The right not to live has been accepted but the right to live seems to be non-existent for the unborn child with a disability.  The foetus has no legal status. 
 
Consideration should be given to provide protection for the unborn child under the UN Standard Rules, and the convention of the right of the child.
Compensation awards in recent “wrongful life” claims make gynaecologists unsure and overactive in tests for prenatal diagnosis to detect all disabilities and propose abortion.

IF has major objections to this development and made Press Statements calling on politicians to amend legislation.  IF promotes correct imaging of disability in the media on national and international levels

At the 12th International Conference for Spina Bifida and Hydrocephalus of IF in Toulouse in 2000 a resolution emphasised the right to live of people with Spina Bifida and/or Hydrocephalus. In 2002 this resolution was completed with the following call for action by IF members:

1. Create and promote an International Knowledge Centre to provide access to the full range of issues related to Spina Bifida and Hydrocephalus.
2. Promote research into the causes of Neural Tube Defects and in particular the role folate plays.
3. Monitor the message promoted in prevention campaigns to safeguard the dignity of people with a disability.
4. Promote awareness of the effects of discriminatory practices both in the language used by professionals and the practice of administering medical insurance.
5. Organise awareness raising activities so that more people are aware of Spina Bifida and Hydrocephalus.

Based on the resolution ‘the right to be different’ IF worked together with the Human Right Committee of the European Disability forum (EDF) on a European resolution on Prenatal Diagnosis and Termination of Pregnancy for all Disabilities.
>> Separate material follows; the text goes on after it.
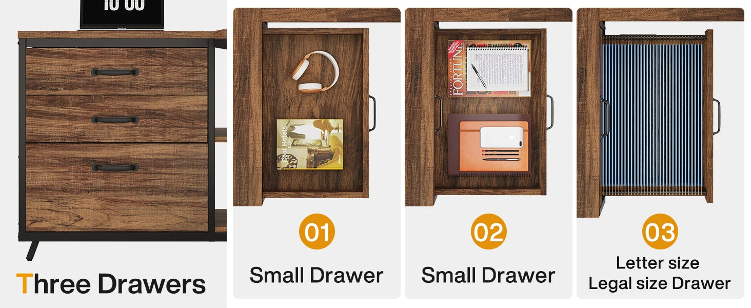 53-Inch Shaped Computer Desk with Drawers Home Office Shelves

This resolution was unanimously accepted at the EDF General Meeting in Athens in 2003. The IF resolution was presented and accepted at the General Meeting of the American Association for Spina Bifida.
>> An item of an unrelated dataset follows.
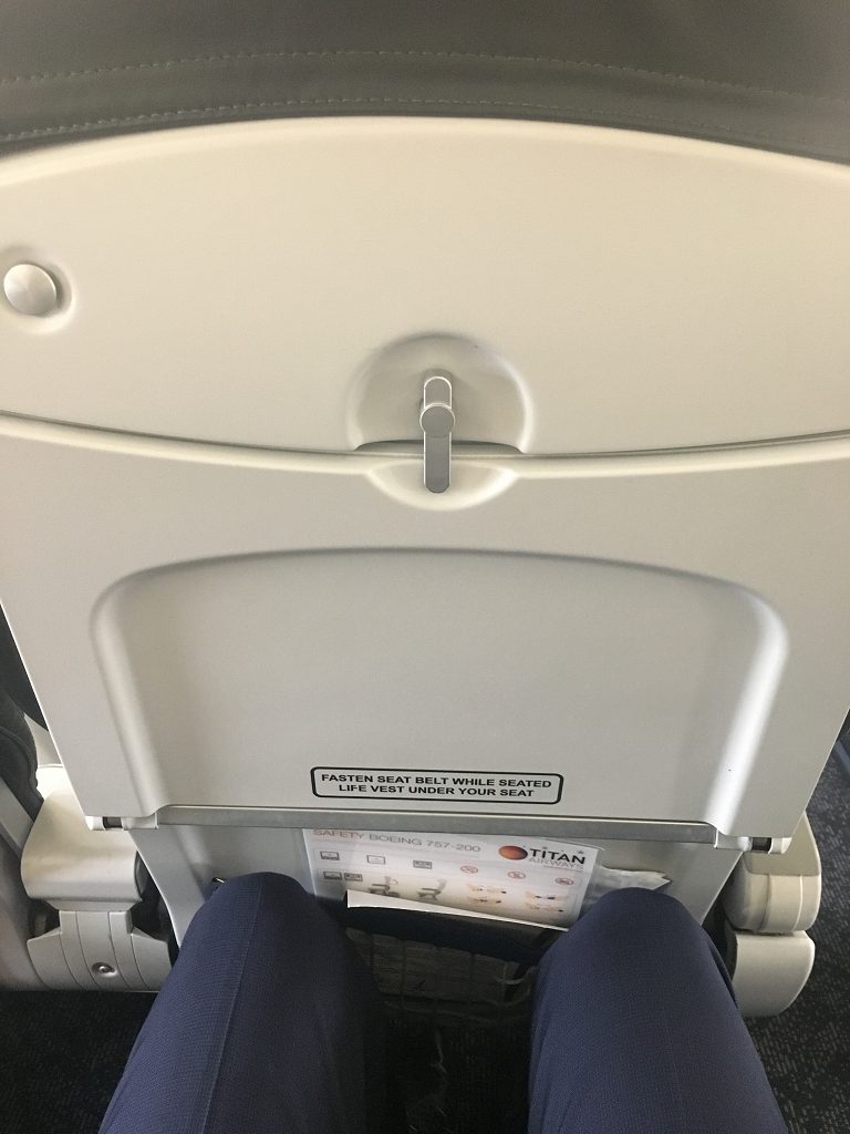 Die 757-200 der Titan Airways hat eine Ecnonomy-only Konfiguration mit den bekannten sechs Sitzplätzen je Reihe. Da die Verteilung der Sitzplätze zwischen den beiden Airlines und Mustern annähernd gleich ist und der Flug nicht ausgebucht war, konnte zunächst jeder seinen Sitzplatz behalten und dann nach freigebliebenen Reihen suchen.

IF is preparing a statement on late termination on pregnancy directed at the UN. IF expects that in this specific discussion the new European Member States will have a strong impact because of their religious backgrounds, and should therefore be actively involved.

Supported by the European Union (budget line ‘Youth, Civil Society, Communication’), IF has worked out a project to continue and monitor the ethical discussion on prenatal selection in all European countries and specifically to initiate the discussion in the new European Member States, involving the spina bifida and/or hydrocephalus user groups network towards legislative reflection and action. This project will run from May 2004 till August 2005 and will map the actual political and ethical situation in the European countries, including the new Member States, map all actors and factors in the ethical discussion and select examples of good practice on national and European levels.